And it turns out that what happens with attributes, while not always obvious to developers, determines a great deal of behavior in the Python language.
> 
> In this talk, I'll discuss what attributes are (and aren't), what Python does when you use a dot (`.`) in your code, and how you can take advantage of it.
> We'll talk about attribute lookup, about inheritance, and about methods vs. functions.
> We'll also look into properties, and how they allow us to have attributes that look like data but behave like `setters` and `getters`.
> Finally, we'll look at the descriptor protocol, which makes so much of Python's functionality possible, including the automatic insertion of "self" as the first argument in method calls.

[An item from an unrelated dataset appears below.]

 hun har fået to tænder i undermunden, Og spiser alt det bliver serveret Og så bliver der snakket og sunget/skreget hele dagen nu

- class attributes do work, but are an **anti-pattern**
    - classes are objects and any object can be assigned an attribute

In [10]:
class Person:
    def __init__(self, name: str) -> None:
        self.name = name
        Person.population += 1
        return None


Person.population = 0

In [11]:
joe = Person("Joe")
Person.population

1

In [12]:
suzy = Person("Suzy")
Person.population

2

- Python does not use shared attributes
    - referred to as "static variables" in C (and in Swift, I think)

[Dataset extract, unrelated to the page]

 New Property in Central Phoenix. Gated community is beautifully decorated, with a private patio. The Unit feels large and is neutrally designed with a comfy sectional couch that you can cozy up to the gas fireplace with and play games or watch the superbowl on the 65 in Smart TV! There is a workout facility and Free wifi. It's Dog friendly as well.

- side-note: interesting function `functools.partial()`

In [13]:
def add(a, b):
    return a + b


add(2, 3)

5

In [14]:
from functools import partial

add5 = partial(add, 5)
add5(10)

15

## Distributed web scraping in Python

presenter: Josh Weissbock  
link: https://us.pycon.org/2022/schedule/presentation/48/

> Web scraping is easy to do in Python, but it quickly becomes tedious when routinely running large batch scraping jobs.
> This talk looks at how to build a distributed web scraper to reduce batch scraping job times and improve durability of your code as well as lessons learned & stories along the way.

### Intro

- steps of data science project
    1. collect
    1. store data
    1. clean data
    1. prepare data
    1. analysis and model data
- web scraping: act of extracting data from a website and processing and storing it
    - distributed: over multiple computers

### Building a distributed scraper

- intermediate improvements
    - introduce a middle proxy layer (to fool bots)
    - add headers to make it look like there are different requests from real humans
    - delays between requests from the same computer
    - use Selenium as a headless browser so dynamic websites will run their Javascript
    - try-until-success to avoid missing URLs that fail
    - basic tracking of successes and failures
- make the system distributed
    - controller to make a list of work
    - manages a work queue
    - distribute the jobs to workers/scraper nodes
        - no longer need to use proxies now because each job is run on a separate computer
- queues: `pika`, `puka`, and `celery` are worth looking into

### Code management

- automatic pulling most recent code version

### Helpful Python packages

- rquests, beautfiulsoup, selenium
- `rety` and `backoff-retry`: retrying of failing functions
- `requests-cache`: auto cache request results
    - good for dev
- `fake-useragent`: add header to `requests.get()` based off of real headers stored in a date base

### Considerations

- full automation
- alerts (emails) from distributed system

## Dock your Jupyter Notebook

presenter: Nir Barazida  
link: https://us.pycon.org/2022/schedule/presentation/15/

> To perfect your Jupyter Notebook craft, you'd want to make your work reproducible and shareable outside your local machine.
> In this talk, we will learn how to use Docker to build an isolated and pre-defined environment suited for ML project that runs smoothly on a remote machine.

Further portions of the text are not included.